Early Child Care and Children’s Development in the Primary Grades:

Follow-Up Results from the NICHD Study of Early Child Care

Presented at the Society for Research in Child Development, Atlanta GA

April 2005

Deborah Lowe Vandell, Vandell, D. L., Margaret Burchinal, Jay Belsky, Margaret Tresch Owen, Sarah L. Friedman, K. Alison Clarke-Stewart, Kathleen McCartney, & Marsha Weinraub

on behalf of the NICHD Early Child Care Research Network

SLIDE 1: TITLE

Today I will be presenting the latest installment of findings from the NICHD Study of Early Child Care and Youth Development. The co-authors of today’s presentation can be seen on this first slide.

SLIDE 2: NETWORK MEMBERS

We are presenting on behalf of the NICHD Early Child Care Research Network whose names can be seen on this slide.

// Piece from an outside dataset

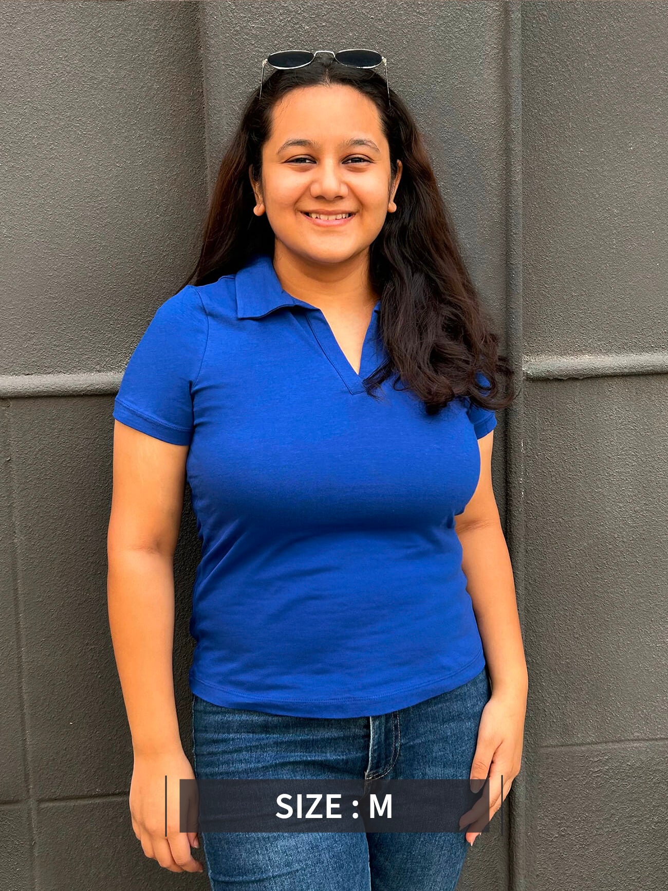4 Way Stretch Collared LivIn T-shirt - Royal Blue
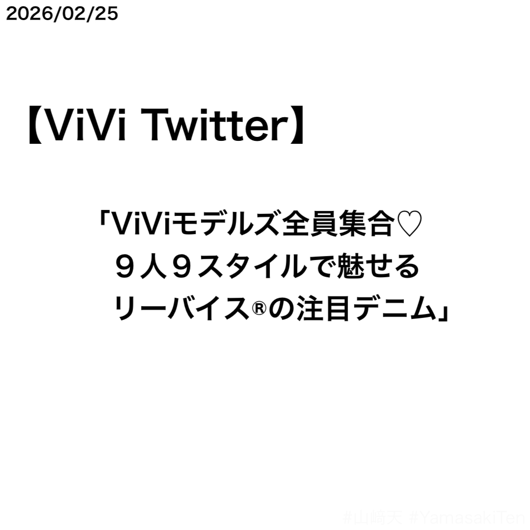 「ViViモデルズ全員大集合」として、専属モデル9名がそれぞれLevi’sのデニムを着用し、ポーズを決めた全員集合ショットがシェアされた。山﨑天さんは「“白T×デニム”の王道スタイル」として、Levi’sのデニムパンツ、HanesのTシャツ、ANEMONEのピアス、EMODAのブーツを着用したコーデを紹介し、センターを飾った。「名前書いておいたのでぜひチェックしてね」と専属モデルの名前も表示された。

SLIDE 3:  QUESTIONS SPARKED BY SEVERAL FACTORS

Questions about long-term effects of early child care are of great interest to parents, educators, and policy makers as well as developmentalists. These questions have been raised in part because of the large numbers of children who are in child care and in part because there is a lack of agreement about the impact of these experiences. Understanding the conditions under which early child care is associated with children’s functioning has been a primary aim of the NICHD Study of Early Child Care since its inception in the early 1990s.